Defendant's First Motion for Summary Judgment #115

In its memorandum, the defendant argues that the plaintiff cannot demonstrate proximate cause and that the brutal attack by trespassers is a superseding cause not within the scope of the risk created by defendant's conduct in allowing a hole in the fence to remain unmended. Further, the criminal activity surrounding the hole in the fence, trespassing, is not the type that would decree a reasonable expectation of foreseeability as to the criminal assault, and it is not of the same general nature as that suffered by the plaintiff. The defendant relies on Doe v. Manheimer, 212 Conn. 748, (1989), a case which upheld the trial court's ruling setting aside a jury verdict. The trial court had concluded, as a matter or law, that the plaintiff, who was dragged onto defendant's property and raped behind overgrown vegetation, could not establish proximate causation between the assault and the owner's failure to remove the overgrowth.
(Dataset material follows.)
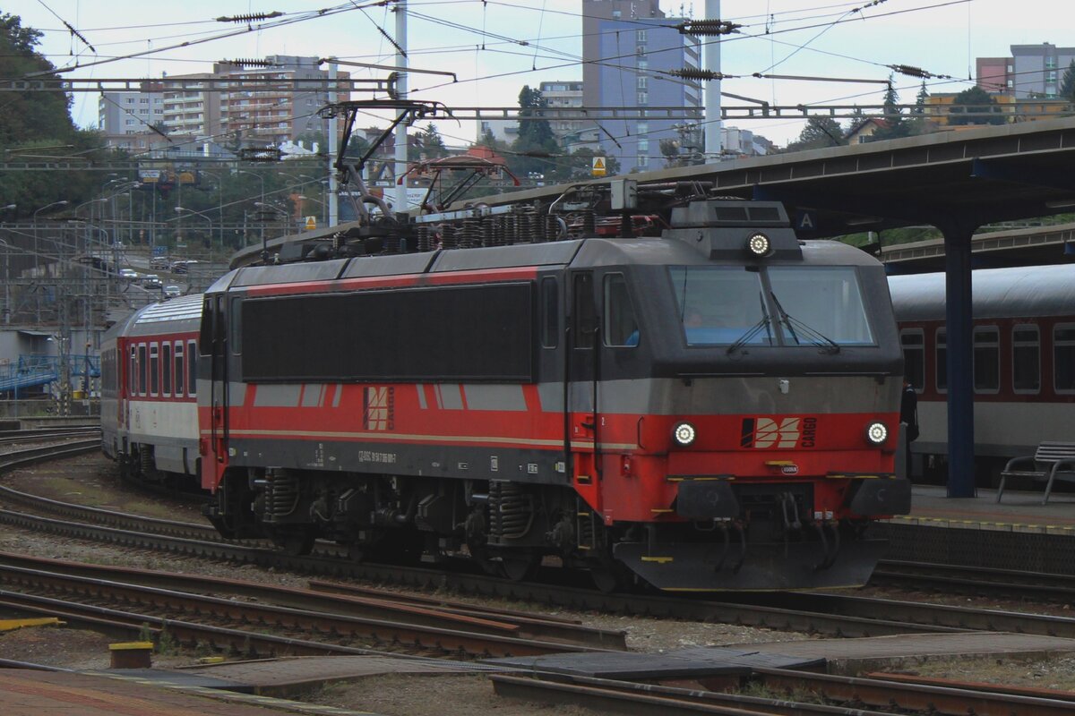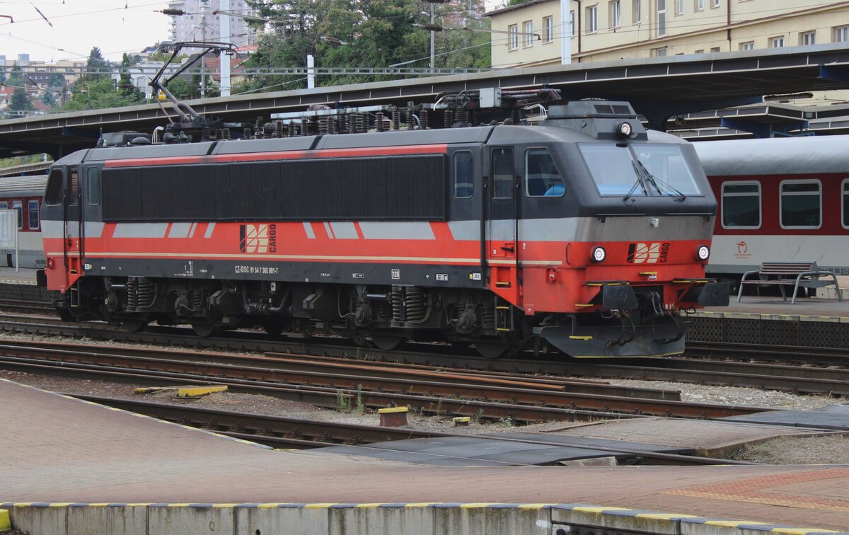 IDS Cargo 365 001 ist einer ex-NMBS/SNCB HLE12 und durchfahrt in aller Rühe am 17 September 2024 Bratislava hl.st. auf den Weg nach Bratislava-Raca. Das Bild wurde vom Bahnsteig 1 mit etwas zooming gemacht. Leon Schrijvers

The court noted that the evidence showed that the prior criminal activity occurring in the vacant lot abutting the defendant's property was nonviolent vagrancy, and that a reasonable person would not foresee an attack because of overgrown vegetation.

The plaintiff counters in its first memorandum in opposition that the present case and Doe are factually distinguishable. The plaintiff relies on 2 Restatement (Second), Torts §§ 448, 449 (1969) arguing that the defendant knew or should have known that its conduct would create a temptation that would lead to the assault because it had already taken security measures such as erecting a fence, installing lighting and hiring a security guard. The plaintiff argues that whether the criminal activity was reasonably foreseeable is a mixed question of fact and law normally left for the trier of fact to decide. The plaintiff's supplemental memorandum argues that a recently decided case, Stewart v. Federated Department Stores, Inc., 234 Conn. 597 (1995), on facts similar to the present case, held for the plaintiff. In Stewart, the supreme court affirmed the trial court's denial of the defendant's motion to set aside the verdict. The plaintiff's decedent was murdered in a shopping center garage, and the court held that the defendant-owner of the garage could reasonably have foreseen the harm because there had been numerous violent attacks in and near the garage, and the harm was within the scope of the risk created by the owner's failure to provide minimal security. The defendant responds that the Stewart case supports its contention that it was not aware of occurrences of violent confrontations between trespassers and security guards and thus was not put on notice of the type of injury suffered by the plaintiff, unlike the defendant in Stewart who had been made abundantly aware of past criminal activity of the type suffered by the plaintiff in that case.

"The essential elements of a cause of action in negligence are well established: duty; breach of that duty; causation; and actual injury." RK Constructors, Inc. v. Fusco Corp. 231 Conn. 381, 384 (1994); Catz v. Rubenstein, 201 Conn. 39, 44 (1986); W. Prosser W. Keeton, Torts (5th Ed. 1984) 30, pp. 164-65. "To prevail on a negligence claim, a plaintiff must establish that the defendant's conduct `legally caused' the injuries." Doe v. Manheimer, supra, 212 Conn. 757. "The first component of `legal cause' is `causation in fact'. . . would the injury have occurred were it not for the actor's conduct. The second component . . . is proximate cause, which we have defined as 'an actual cause that is a substantial factor in the resulting harm.'" Id.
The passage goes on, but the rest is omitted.